## What the task requires
In the records below, find the line containing "洪珊珊表示,作為澳門女性藝術" and the line containing "Начальник управления Октябрьского". Give again exactly those lines and every line between them, omitting the pictures.

## Given records
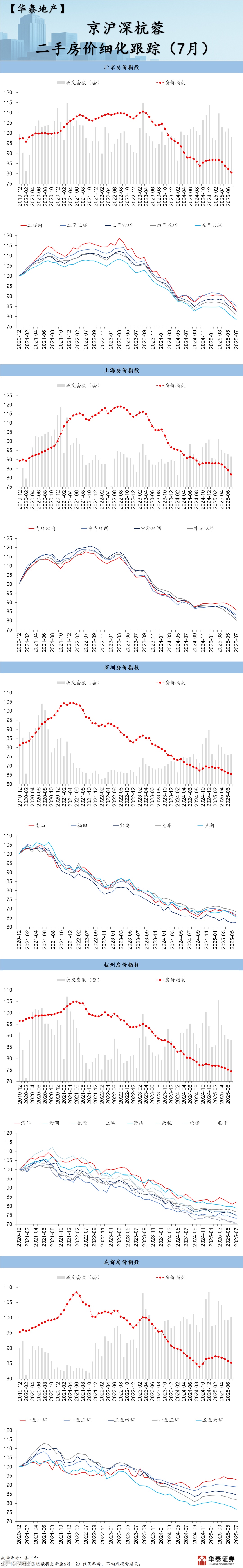 华泰更新了北京、上海、深圳、杭州、成都 5 城 7 月二手房成交价指数,7 月各城市二手房价有压力、核心城市区域房价多下行。
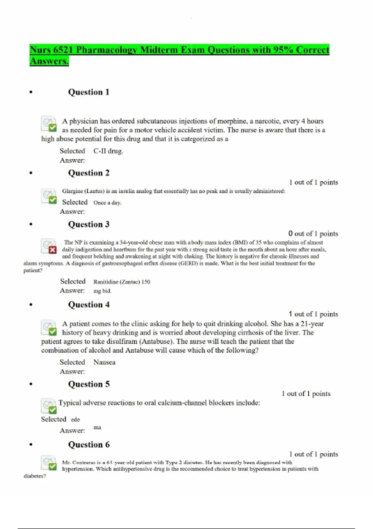 Nurs 6521 Pharmacology Midterm Exam Questions with 95% Correct AnswersNurs 6521 Pharmacology Midterm Exam Questions with 95% Correct Answers
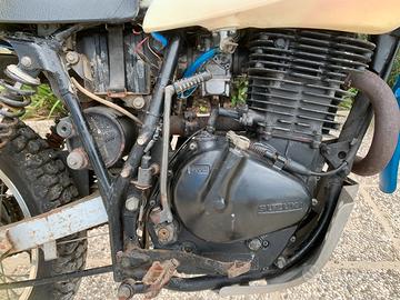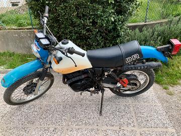 Vendo causa abbandono progetto di restauro per uso pista Suzuki Dr 400 s, indicativamente anno 1981/1982, completa di tutte le sue parti, ad eccezione fatta per le due fiancatine laterali, motore funzionante. La moto è stata ferma qualche anno, sono stati fatti gli interventi basilari per la messa in moto come cambio olio e controllo degli organi principali, ha avviamento soltanto a pedalina, non ha avviamento elettrico, ha serbatoio maggiorato Acerbis, ammortizzatori posteriori Marzocchi, le frecce posteriori ci sono ma non sono state messe nelle foto, serbatoio originale non ce L ho. Moto ottima per chi vuole divertirsi in campagna o per modificarla per correre in pista ad eventi storici o per ricambi. No libretto e no targa. Prezzo 600 euro tratt. Posso scambiare con moto da fuoristrada d’epoca 2 tempi.
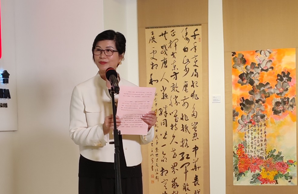 洪珊珊表示,作為澳門女性藝術工作者,協會成員始終與祖國同心同行。是次展覽,協會成員以筆墨為舟、刻刀為媒,將對歷史的深刻體悟、對和平的真摯禮讚融入中華優秀傳統文化創作,每一幅作品都承載著對先烈的緬懷與對祖國的深情。希望以藝術為橋樑,凝聚守護祖國繁榮、澳門穩定的力量,為世界和平與發展續寫新篇章。
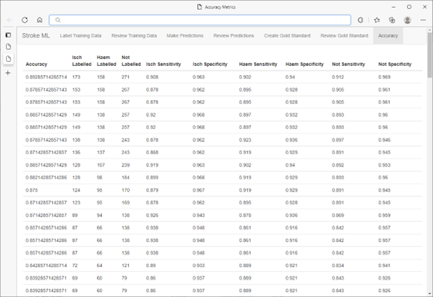 После завершения цикла "обучение, оценка, метка" в базе данных SQL Server с помощью генератора случайных чисел SQL Server выбирается набор прогнозных данных для проверки. Эти точки данных были предварительно классифицированы группой специалистов-медиков, не знающих о прогнозах модели.
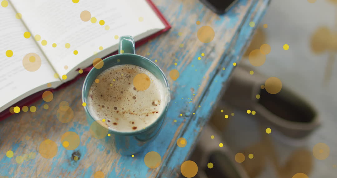 Cup of coffee on rustic wooden table with animated falling dots overlay, creating a warm and interactive effect. Ideal for relaxation themes, promoting coffee-related products, or digital and technology-focused content.
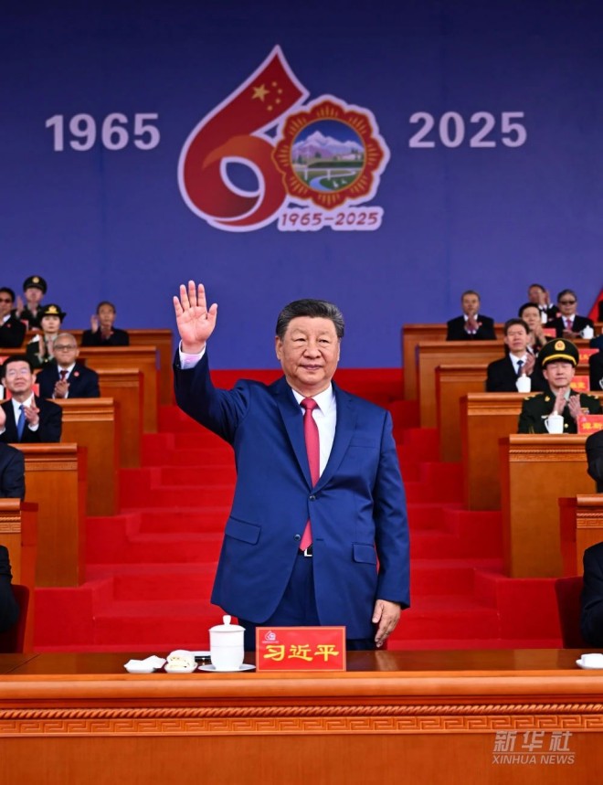 王滬寧發表講話。他說,1965年9月,在黨中央親切關懷和黨的民族政策光輝照耀下,西藏自治區宣告成立。這是西藏發展史上具有劃時代意義的大事,鞏固了西藏和平解放和民主改革的偉大成果,實現了西藏社會制度的歷史性跨越。60年來,西藏經濟社會全面發展,民族區域自治制度成功實踐,民族團結日益鞏固,各族人民生活蒸蒸日上,充分展現了中國共產黨領導的堅強力量,充分展現了我國社會主義制度的顯著政治優勢。
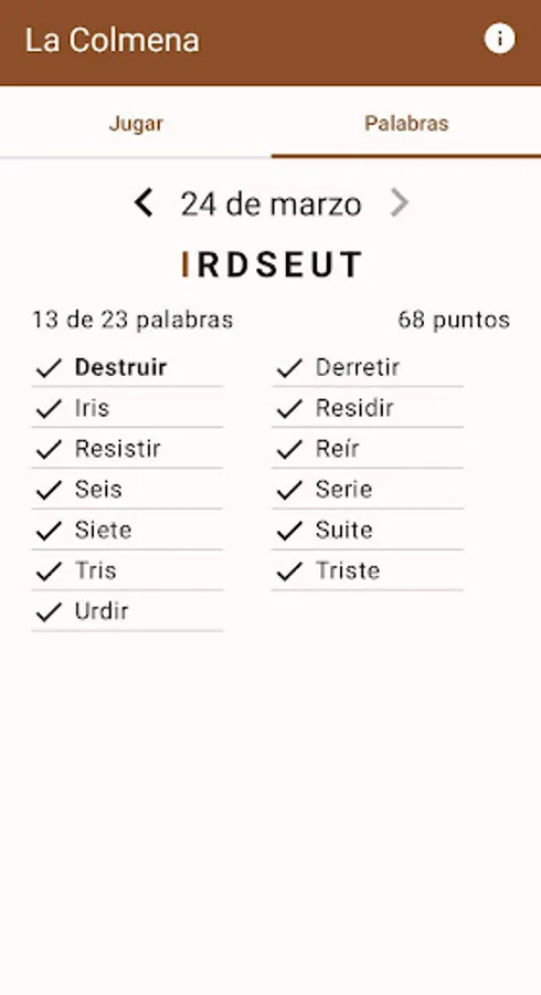 Every day a beehive of 7 letters for you to form as many words as you can.
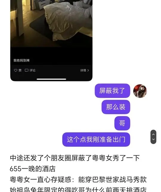 简要:与粤粤女掰扯半年确定了关系但出轨已知浙江1号和浙江2号以谈恋爱名义来广州与粤粤女发生关系后转头就和浙江2号去了上海约会得吃哥与粤粤女相识于2022年年末于2023年8月底开始常聊至2024年2月18日 在这之前只会偶尔联系加朋友圈互动
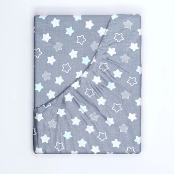 Prześcieradło z gumką do łóżeczka 80x190 bawełniane | 300róż | szaro różowe | gwiazdki
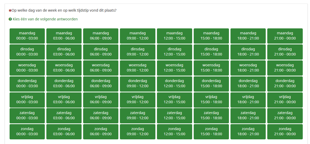Thanks to your helpful feedback, I now have a radio list with bootstrap buttons of 56 categories, divided over 8 colomns (for each 3-hour time slot) and 7 rows (for each day of the week):
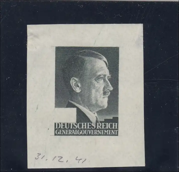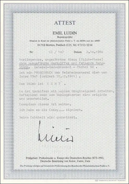 Generalgouvernement (GG) Probedruck ungezähnt ohne Wertziffer im Kleinbogen. Mit BPP Attest. Auf Wunsch, gegen Aufpreis, mit neuem BPP Fotoattest.
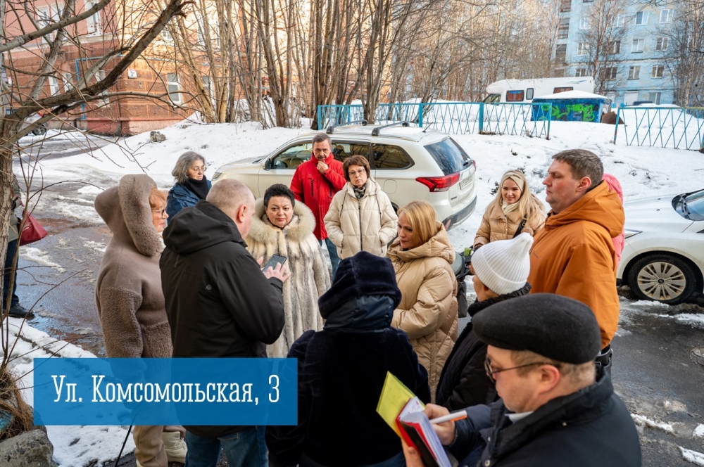 Начальник управления Октябрьского административного округа Елена Ширшова и депутат Совета депутатов города Мурманска Елена Меркушова провели встречу с жильцами дома № 3 по ул. Комсомольская. В ходе диалога подняты вопросы необходимости ремонта подъездов и цоколя здания, восстановления фасадного освещения в районе подъезда № 2. Также северяне попросили благоустроить детскую площадку и придомовую территорию, отремонтировать дорогу, бордюры и забор во дворе дома. Они обратили внимание на необходимость проверки качества капитального ремонта инженерных систем, проведённого в доме в 2023 году.
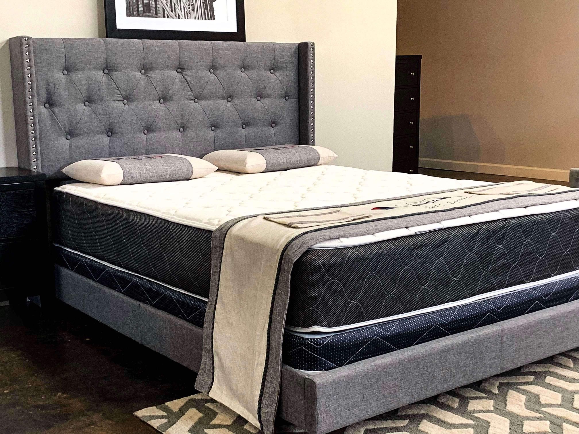 Brand New King Size Grey Button Tuffed Bed Frame With New Mattress/Fast Delivery
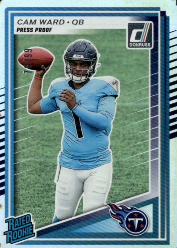 The Cam Ward 2025 Donruss #350 Press Proof Silver Die-Cut /99 Rookie card in Raw condition has not changed in price in the last 30 days and was last sold for $13.50 .
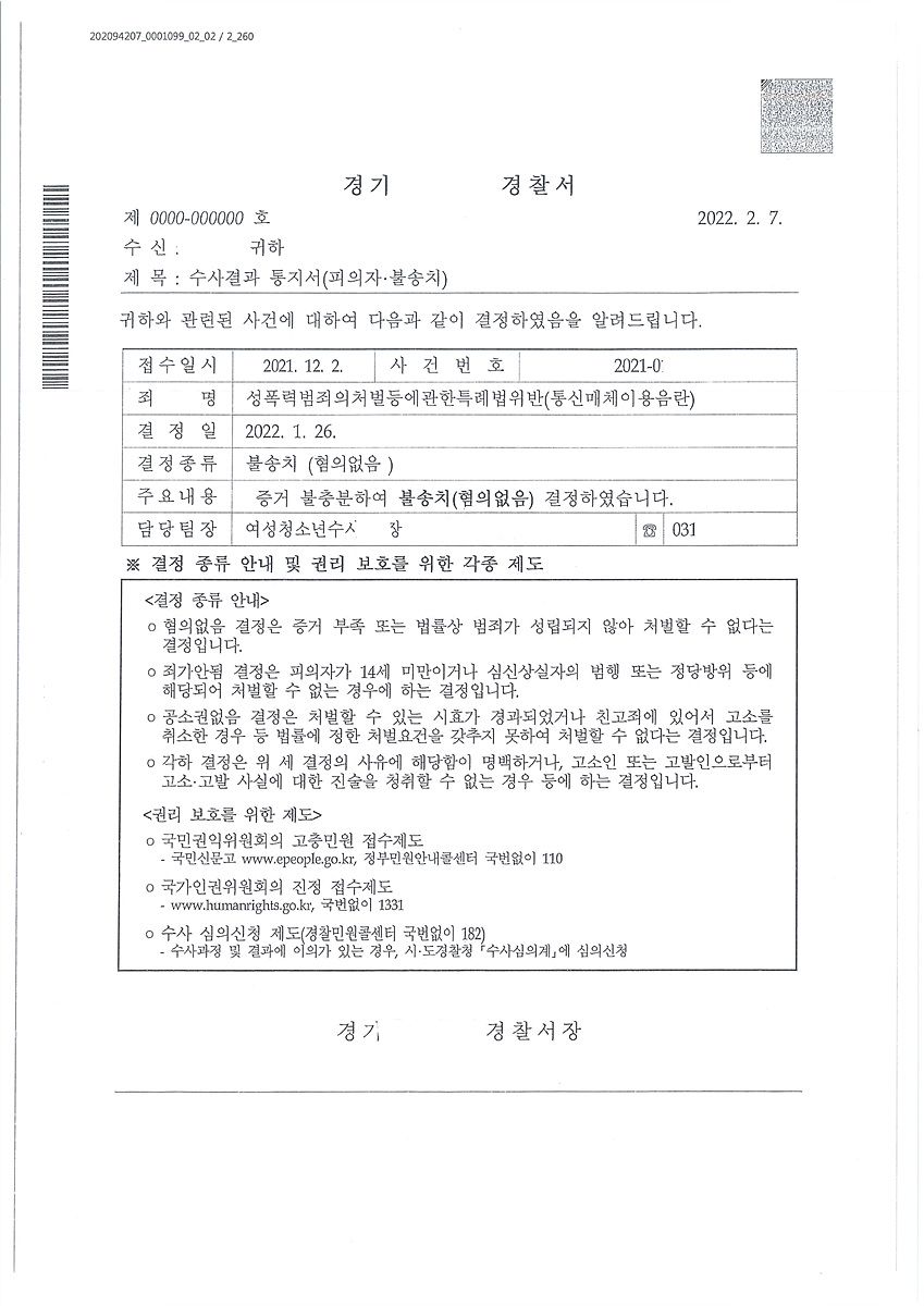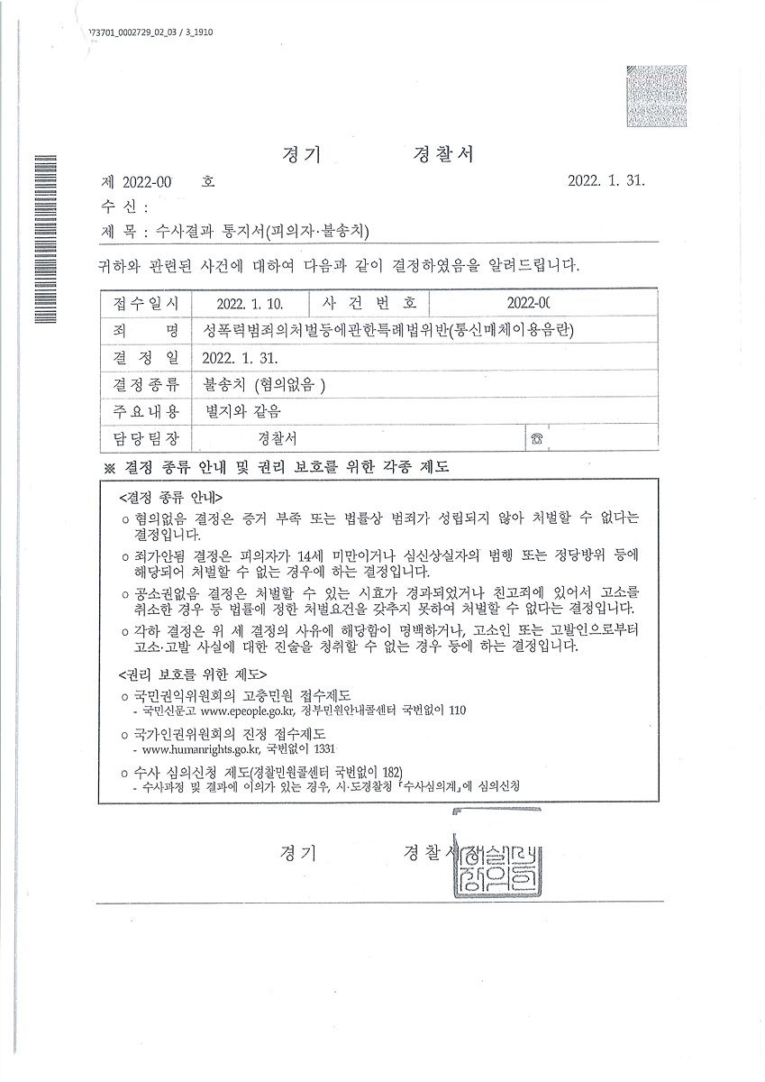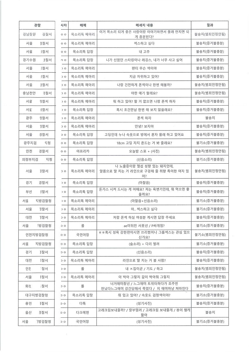 1. 성폭법 통매음 다톡 성기사진 전송 불송치

## Output below
 洪珊珊表示,作為澳門女性藝術工作者,協會成員始終與祖國同心同行。是次展覽,協會成員以筆墨為舟、刻刀為媒,將對歷史的深刻體悟、對和平的真摯禮讚融入中華優秀傳統文化創作,每一幅作品都承載著對先烈的緬懷與對祖國的深情。希望以藝術為橋樑,凝聚守護祖國繁榮、澳門穩定的力量,為世界和平與發展續寫新篇章。
 После завершения цикла "обучение, оценка, метка" в базе данных SQL Server с помощью генератора случайных чисел SQL Server выбирается набор прогнозных данных для проверки. Эти точки данных были предварительно классифицированы группой специалистов-медиков, не знающих о прогнозах модели.
 Cup of coffee on rustic wooden table with animated falling dots overlay, creating a warm and interactive effect. Ideal for relaxation themes, promoting coffee-related products, or digital and technology-focused content.
 王滬寧發表講話。他說,1965年9月,在黨中央親切關懷和黨的民族政策光輝照耀下,西藏自治區宣告成立。這是西藏發展史上具有劃時代意義的大事,鞏固了西藏和平解放和民主改革的偉大成果,實現了西藏社會制度的歷史性跨越。60年來,西藏經濟社會全面發展,民族區域自治制度成功實踐,民族團結日益鞏固,各族人民生活蒸蒸日上,充分展現了中國共產黨領導的堅強力量,充分展現了我國社會主義制度的顯著政治優勢。
 Every day a beehive of 7 letters for you to form as many words as you can.
 简要:与粤粤女掰扯半年确定了关系但出轨已知浙江1号和浙江2号以谈恋爱名义来广州与粤粤女发生关系后转头就和浙江2号去了上海约会得吃哥与粤粤女相识于2022年年末于2023年8月底开始常聊至2024年2月18日 在这之前只会偶尔联系加朋友圈互动
 Prześcieradło z gumką do łóżeczka 80x190 bawełniane | 300róż | szaro różowe | gwiazdki
Thanks to your helpful feedback, I now have a radio list with bootstrap buttons of 56 categories, divided over 8 colomns (for each 3-hour time slot) and 7 rows (for each day of the week):
 Generalgouvernement (GG) Probedruck ungezähnt ohne Wertziffer im Kleinbogen. Mit BPP Attest. Auf Wunsch, gegen Aufpreis, mit neuem BPP Fotoattest.
 Начальник управления Октябрьского административного округа Елена Ширшова и депутат Совета депутатов города Мурманска Елена Меркушова провели встречу с жильцами дома № 3 по ул. Комсомольская. В ходе диалога подняты вопросы необходимости ремонта подъездов и цоколя здания, восстановления фасадного освещения в районе подъезда № 2. Также северяне попросили благоустроить детскую площадку и придомовую территорию, отремонтировать дорогу, бордюры и забор во дворе дома. Они обратили внимание на необходимость проверки качества капитального ремонта инженерных систем, проведённого в доме в 2023 году.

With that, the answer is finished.